Posted by Chris at 06:50 PM | Comments (4)
Last night I went to Cafe Du Nord, mostly to see Kelly Stoltz, a great local singer/songwriter with the whole John Cusack sensitive guy thing going on. His set was pretty enjoyable, but it bothered me that the show, part of Noise Pop 2004, was heavily underwritten by Miller High Life. There was a Miller sign on one wall, with a red spotlight specifically placed over it. There were cases of Miller onstage, and all the musicians were drinking it through their sets. Not only that, but the Noise Pop logo has been engineered to resemble the Miller logo. It's tremendously disappointing that an assiduously indie festival has had to get big corporate backing. I mean, couldn't they cull together a few decent microbrewery sponsorships? I'm sure Sierra Nevada has the money -- and the audience -- to underwrite such a thing. Still corporate, but small, and (relatively) local, and that makes all the difference. The Miller sponsorship just left a bad taste in my mouth -- not to mention the highly cliched and irritating BritPop/Beach Boys/Weezer sounds of headliners The Tyde. Their music was as cynically engineered, commercial, and lifeless as their main sponsor's product.
Posted by Chris at 01:38 PM | Comments (0)

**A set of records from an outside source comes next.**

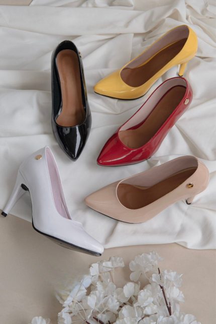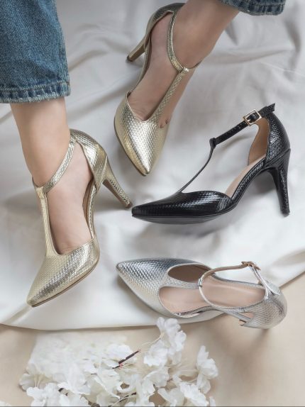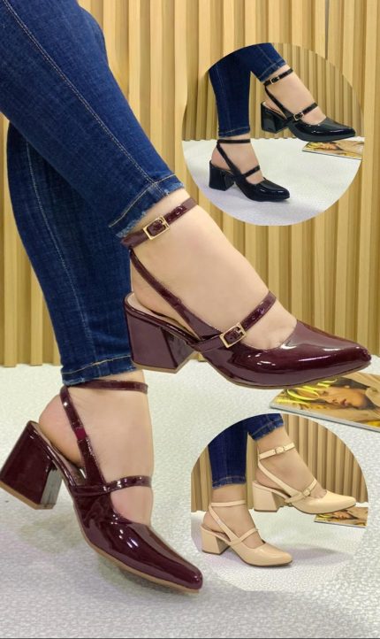 Tacones puntiagudos abiertos de enfrente y de los lados con una faja y hebilla
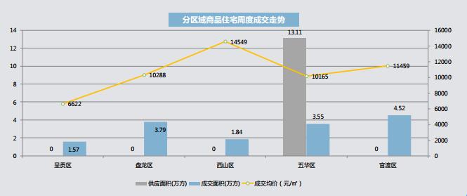 占全市成交30%,排名區域第一。其次盤龍區、五華區、西山區、呈貢區成交量分別占全市成交的25%, 23%、 12%和10%。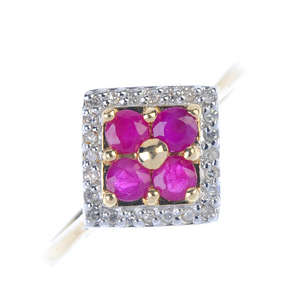 The circular-shape ruby quatrefoil and bead highlight, within a single-cut diamond surround, to the tapered shoulders and plain band. Hallmarks for Birmingham. Ring size N. Weight 2.4gms.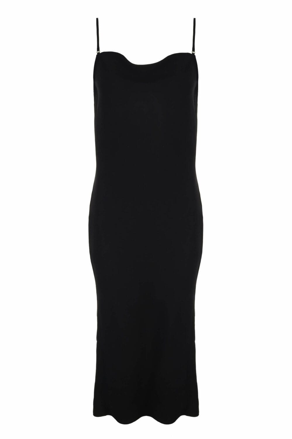 Sukienka midi, szyta ze skosu z regulowanymi ramiączkami i dekoltem w wodę z przodu i z tyłu. Prosta lecz wyjątkowa.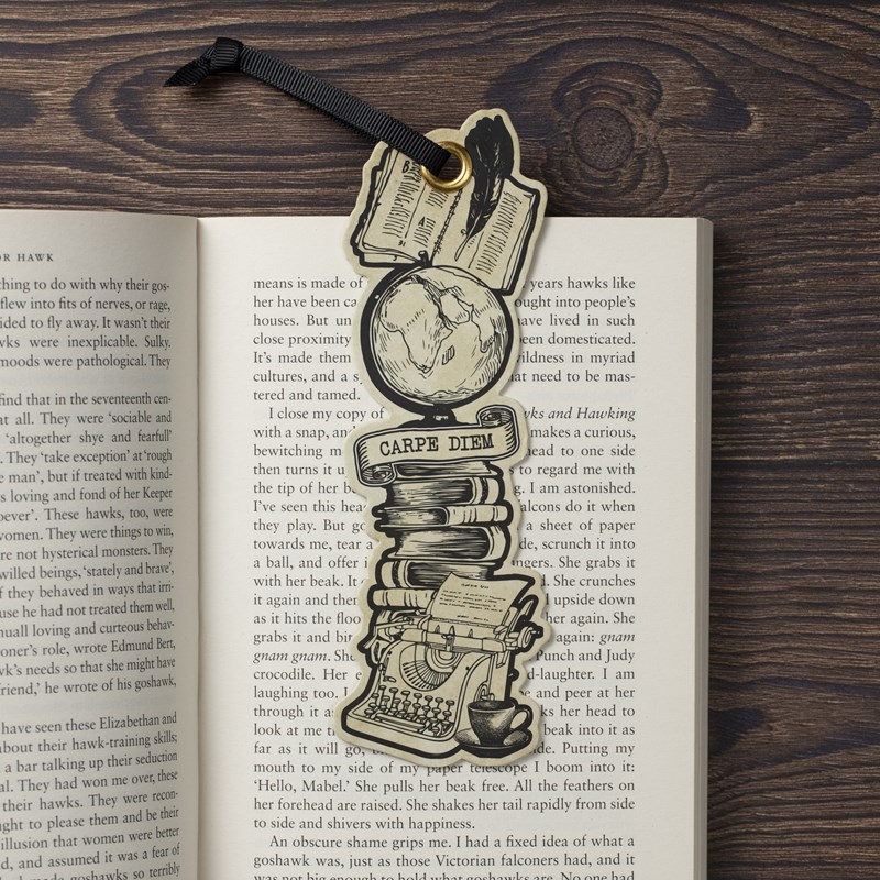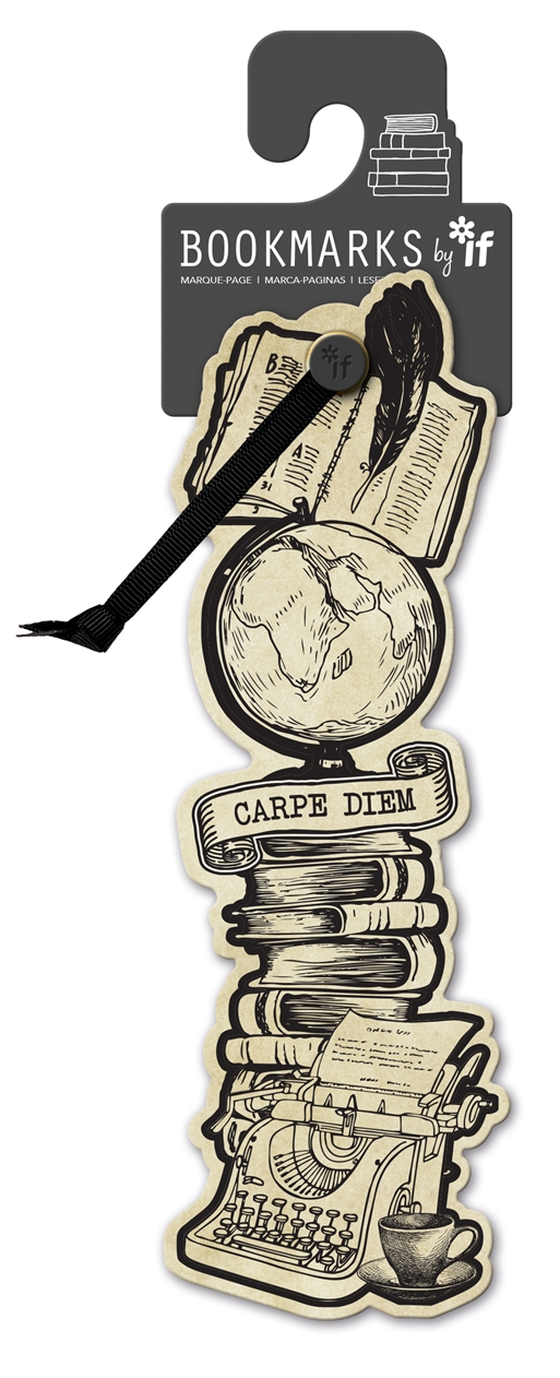 Academia Bookmarks - "Carpe Diem" bokmerke i kraftig kvalitetskartong med tekstilbånd. Bokmerket er trykket på FSC MIX Paper C134008.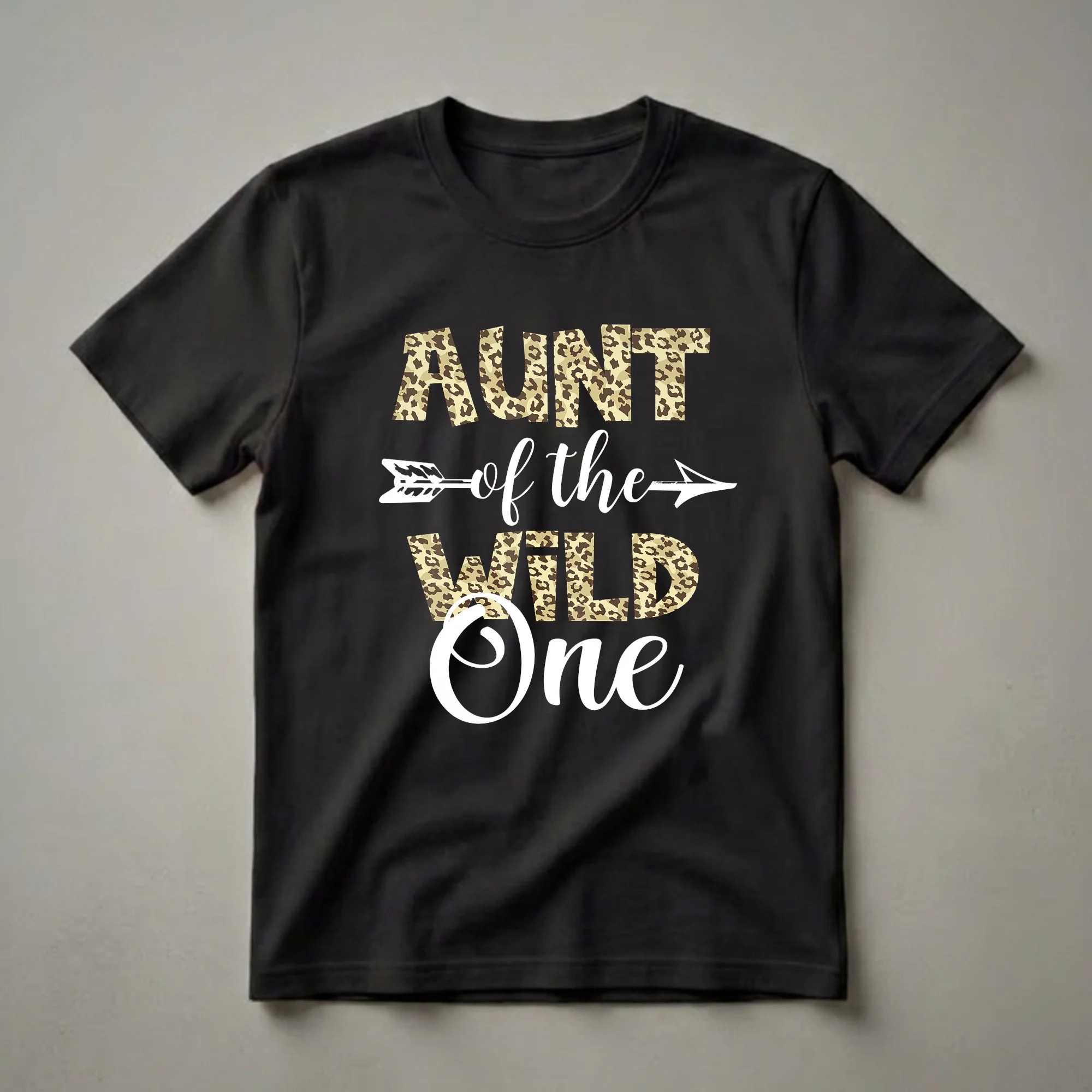 The aunt of the wild one can celebrate a special first birthday in style with this eye-catching graphic tee. The design features bold, block letters spelling out "AUNT" and "WILD" filled with a classic leopard print pattern in shades of tan and brown. Between these words, a white arrow points to the right, symbolizing direction and adventure. The word "One" is written in a large, elegant white script font, completing the "Wild One" theme. This shirt is a thoughtful gift for any aunt attending a zoo-themed or jungle-themed first birthday party. It’s a fun way for her to show her connection to the birthday child and embrace the wild spirit of the celebration. Imagine her wearing this t-shirt while helping with party games or taking photos with the birthday boy or girl. This tee is a staple for any aunt who loves to be part of her niece's or nephew's milestone birthdays, making her feel special and festive.

Ever-thoughtful, embarassingingly cherubic Matt Yglesias comments on the new Easterbrook opus, The Progress Paradox. He thinks the book is going after the wrong question:
The real progress paradox isn't "why doesn't all our stuff make us happy" but rather, given that all our stuff pretty clearly doesn't make us happy, how do we come to have all this stuff.On the personal level, when I got my first cell phone, I was thrilled with it. By a couple weeks ago, as reported on Wonkette, I was at Best Buy complaining about how crappy my old phone was. Then it broke on Friday, and today my spiffy new one should come in the mail. Getting the new phone will make me happy for, maybe, a week or two, but soon enough it's just going to be part of the landscape. That fact is totally clear to me, and yet I still want the new phone. I'm hoping to move out of my shitty basement in a few months into a nicer place, but I'm well aware that after occupying the hypothetical new place for a while, I'll just start taking it for granted.
I think this about nails it. The answer to "why we come to have all this stuff" is pretty easy if you think in terms of sustainability. We spend a lot of time and money acquiring things that give us temporary, unsustainable "highs" -- new car, new phone, new PDA, new house, new shot of cocaine. Each gives a short lift, but not a permanent one. Some return us to the prior state of taking-for-granted; others (coke) return us to a lower state. What's needed is activities, objects, and substances that keep us off the unsustainable hedonic treadmill. Lots of little daily boosts that keep us up, without burning through our resources or our brain cells. Maybe it will be a substance, but I doubt it. More likely, a practice, or discipline: meditation, drawing, painting, writing, exercise, snuggling with your sweetie (or your cat). It's all simple stuff. We've been highly conditioned that the answer (a) has to be complicated (b) has to be in the hands of experts and (c) has to cost money.
It's time to get off this treadmill.